Mixture of Low Rank Adaptation with Partial Parameter Sharing for Time Series Forecasting
Licheng Pan, Zhichao Chen, Haoxuan Li, Guangyi Liu, Zhijian Xu, Zhaoran Liu, Hao Wang, Ying Wei
TL;DR
This work identifies an expressiveness bottleneck in multi-task time-series forecasting, where a shared representation limits step-specific predictions. It introduces a two-stage approach: pre-train a one-step foundation model and adapt to multiple horizons using step-specific LoRA modules, thereby mitigating the bottleneck. Building on this, MoLA employs segment-based adaptation and a mixture of LoRA experts to enable partial parameter sharing across horizons, improving both efficiency and accuracy.
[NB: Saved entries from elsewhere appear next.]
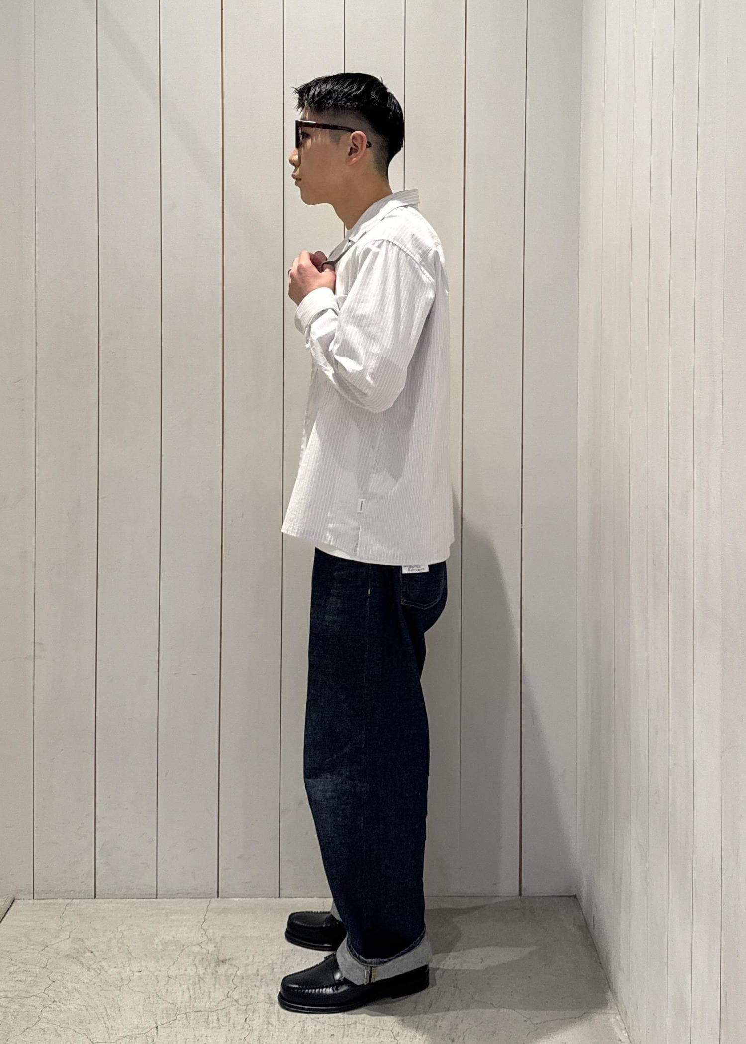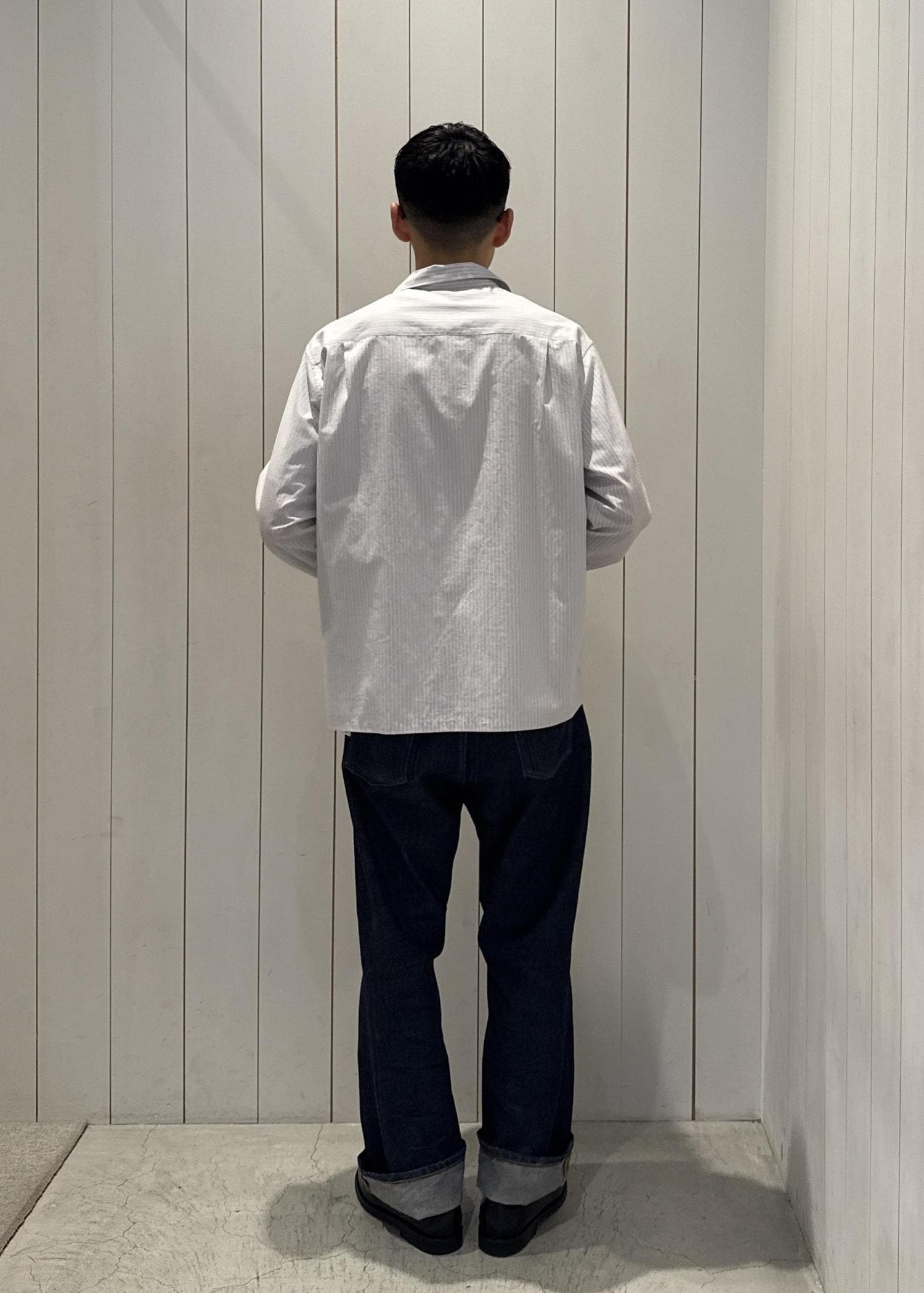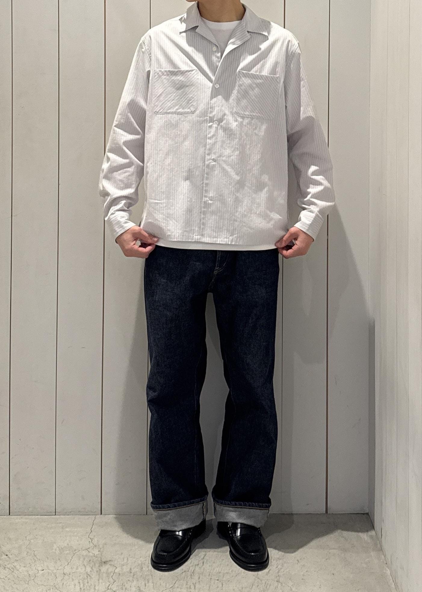 特徴のある素材感と落ち着いた配色のストライプ柄を活かしたミニマルなデザインは、汎用性が高い大人のオープンカラーシャツに仕上がっています!
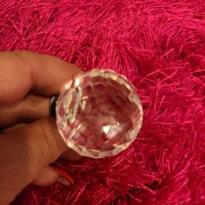 Beautiful clear knobs that can be used on any cabinet door or dresser drawer. Changing the knobs gives your furniture a fresh look.. They are about an 1 1/2 inches in diameter Price is for the set of 6. You need your own screws.
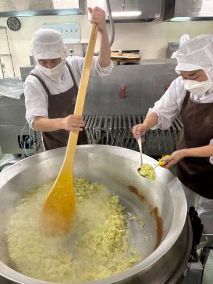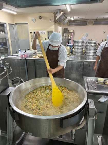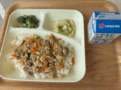 今日の献立の他人丼は、牛肉、鶏卵、たまねぎ、にんじん、青ねぎが入った丼です。他人丼は、卵の除去食対応献立です。
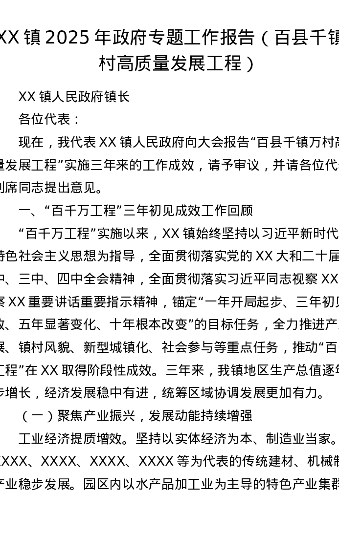 XX镇2025年政府专题工作报告(百县千镇万村高质量发展工程)
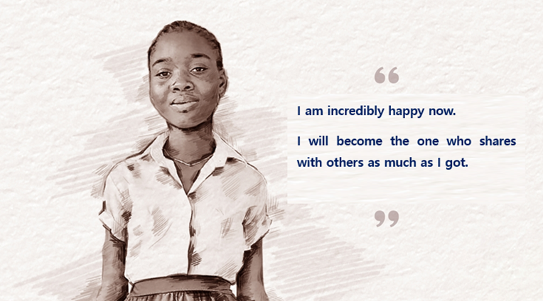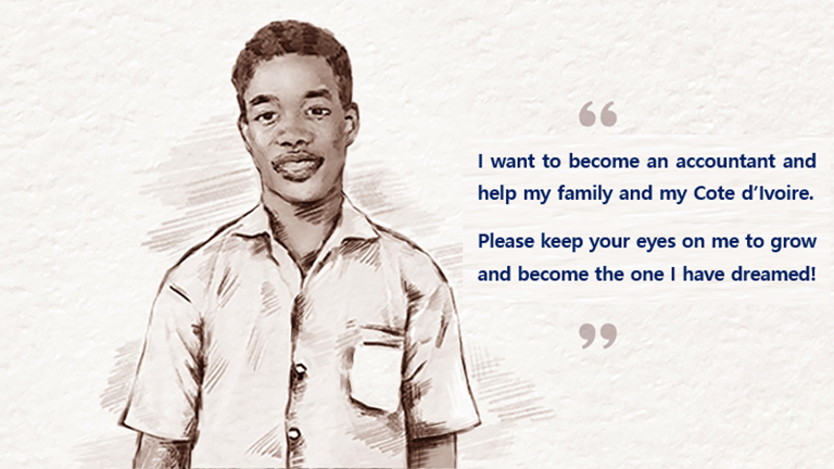 Esther (pseudonym)'s family situation was so poor that everyone in the village knew. Despite contemplating giving up on her studies, Esther was able to start anew, thanks to the unwavering support from her elder sister and the generosity of her sponsor. Esther never once arrived late and consistently earned good grades every semester, earning a reputation among her teachers as a diligent and hardworking student. As a result of her diligent efforts, Esther secured admission to 'Abidjan University,' which is the best university of Cote d'Ivoire. Esther, while juggling her studies and part-time work, faces the demanding life of an adult. However, she is determined to continue her diligent academic journey, always grateful for the support she has received, and she pledges to give back and share even more.
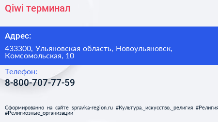 Qiwi, терминал по адресу 433300, Ульяновская область, Новоульяновск, Комсомольская, 10 в дальнейшем Организация, размещена в следующих категориях:
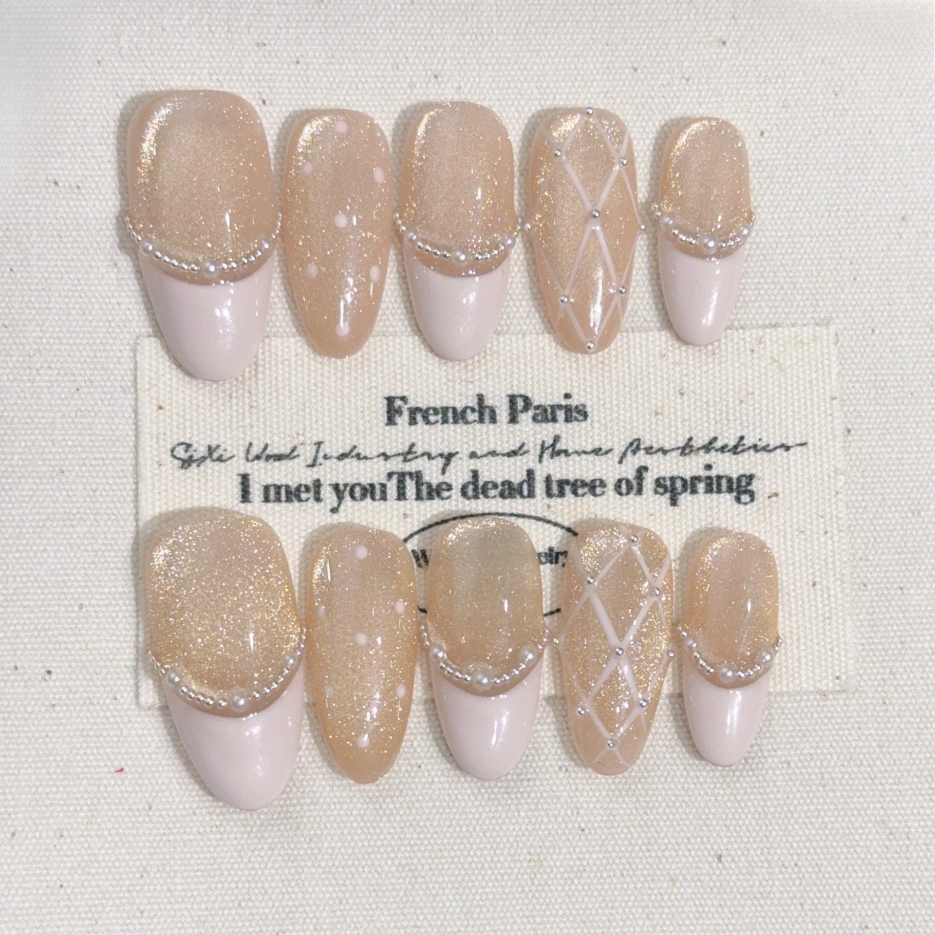 10pcs Creme French Fake Nails Pink Glitter Cat Eye False Nails Oval Press on Nails Cute Plaid Pearl ...
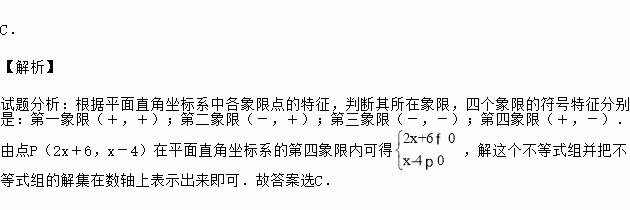 如果点P(2x+6, x-4)在平面直角坐标系的第四象限内,那么x的取值范围在数轴上可表示为( )
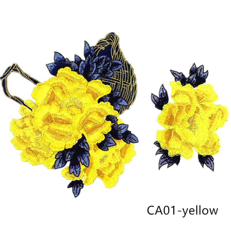 zsbszc new fashion big 1pcs red rose yellow Embroidered Applique Flower patch sew on cloth wedding gown clothing accescies CA01
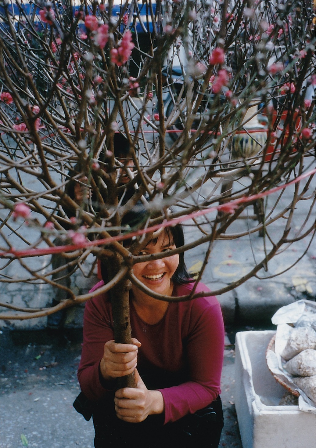(2003年2月、ハノイ市内で筆者撮影)正月飾り用の梅の花を撮ろうとしたら、ふいにオバちゃんが
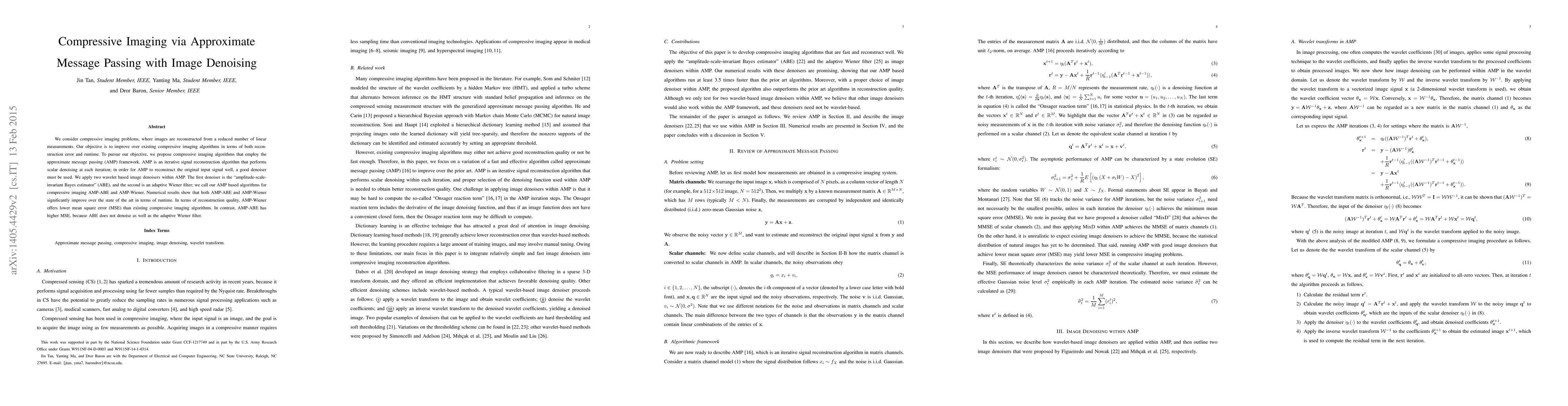 This paper proposes two compressive imaging algorithms, AMP-ABE and AMP-Wiener, using the approximate message passing framework with wavelet-based denoisers. AMP-Wiener, employing an adaptive Wiener filter, outperforms existing methods in terms of runtime and reconstruction quality, while AMP-ABE, using the amplitude-scale invariant Bayes estimator, has higher reconstruction error due to inferior denoising performance.
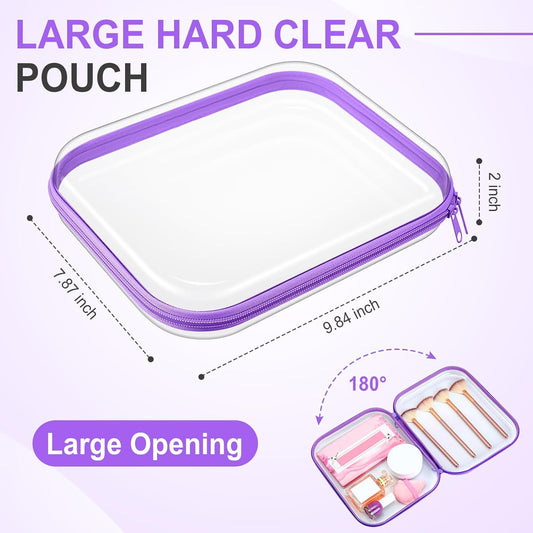 Sanwuta 6 Pcs Clear Hard Zipper Case Pencil Pouches Hard Plastic Zipper Pouches Makeup Bag Transparent Cases for Snacks Plastic Storage Organizer Box for Travel(Purple,9.84 x 7.87 x 2 Inch)
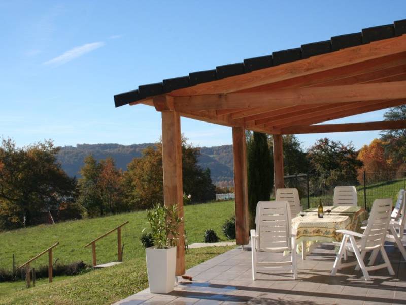 Het uitzicht vanuit het terras is fenomenaal, we hebben er, onder de overkapping, iedere morgen en avond van genoten. ’s Avonds ook diverse hertjes en hazen gespot in het land achter het huis, prachtig.

Extensive experiments across diverse datasets and backbones show MoLA consistently outperforms state-of-the-art TSF methods and robustly generalizes to other models and fine-tuning techniques, signaling strong practical impact for long-horizon forecasting.
Abstract
Multi-task forecasting has become the standard approach for time-series forecasting (TSF). However, we show that it suffers from an Expressiveness Bottleneck, where predictions at different time steps share the same representation, leading to unavoidable errors even with optimal representations. To address this issue, we propose a two-stage framework: first, pre-train a foundation model for one-step-ahead prediction; then, adapt it using step-specific LoRA modules.This design enables the foundation model to handle any number of forecast steps while avoiding the expressiveness bottleneck. We further introduce the Mixture-of-LoRA (MoLA) model, which employs adaptively weighted LoRA experts to achieve partial parameter sharing across steps. This approach enhances both efficiency and forecasting performance by exploiting interdependencies between forecast steps. Experiments show that MoLA significantly improves model expressiveness and outperforms state-of-the-art time-series forecasting methods. Code is available at https://anonymous.4open.science/r/MoLA-BC92.